The advances in medical science, biomedical engineering on one side and information and telecommunication technology on the other side are offering today wide opportunities for improving access to and quality of health care. The ability of eHealth to facilitate healthcare irrespective of distance and availability of personnel on the site, make it attractive to developing countries. The review of BDT and ITU-D Study Group 2 activities in this field are presented.
“The ITU-T protocols developed for e-Health and protection”, Halima Naboulsi, ISO TC 12

The ITU-T SG 17 currently develops a new set of Recommendations (X.th series). This set contains a main Recommendation (X.1092.1) which defines in ASN.1 an open and secure protocol. This protocol can be used to transmit medical data but also to do remote interventions with possibility of voice and video channels. The other parts of this set (X.1092.2 to X.1092.6) result of a collaboration with ISO TC 12 and IEC TC 25 and contains definitions of messages and quantities and units in specific areas as physics, chemistry, biology, culturology and psychology.

ITU-T SG 17 has also developed a Common Alerting Protocol (X.1303). This protocol, initially defined by OASIS defines an open protocol for all types of alerts and notifications. This protocol is compatible with all existing techniques of data transmission and can, from a single input, propagate an alert to all kinds of warning systems.
“Models of caregiving in nuclear accidents”: Enrico Staderini, MD Biomedical Engineer, Western Switzerland University of Applied Science HEIG-VD

Although models and plans for accident prevention and accidents management are compulsory part of any nuclear power plant management system, nevertheless it seems that any particular accident has different, peculiar characteristics which were often previously unaccounted for. In these cases the use of telemedicine devices appears quite important not only because the possible distance to overcome between the subject and the caregiver, but also for the impossibility of a full direct human interaction, due to the presence of contamination.

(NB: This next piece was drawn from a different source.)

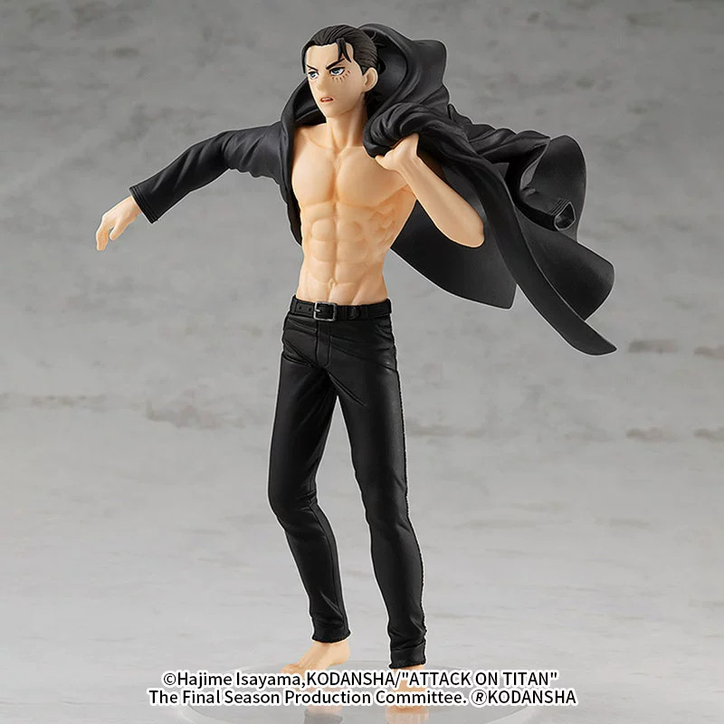 - Diseño dinámico: La pose dinámica de Eren, con el torso descubierto y una expresión determinada en su rostro, captura la intensidad y la fuerza del personaje en acción.

In the various and specific scenarios, we have to adapt each time different models of caregiving advantageously exploiting the various features a telemedicine link is providing. This is in principle a good opportunity but we still need a long way to run as regards the eHealth infrastructure to establish and how it should be better used. A few basic considerations are proposed in this talk.
“Effects of ionizing radiations on the human body”: François Bochud, Associate Professor of medical physics, Lausanne University Hospital

Ionizing radiation can damage living organisms. At high doses, we observe early tissue effects which, in very severe irradiations, can lead to death in a couple of days. In most practical cases, doses are much lower and the outcome is essentially an increase of developing of a cancer with latency in the order of a decade. The talk will make a brief summary of the potential effects of ionizing radiations on the human body and point out the main differences between external irradiation and internal contamination. We will then show in which circumstances we are exposed to radiations in our daily life and what are the levels of doses.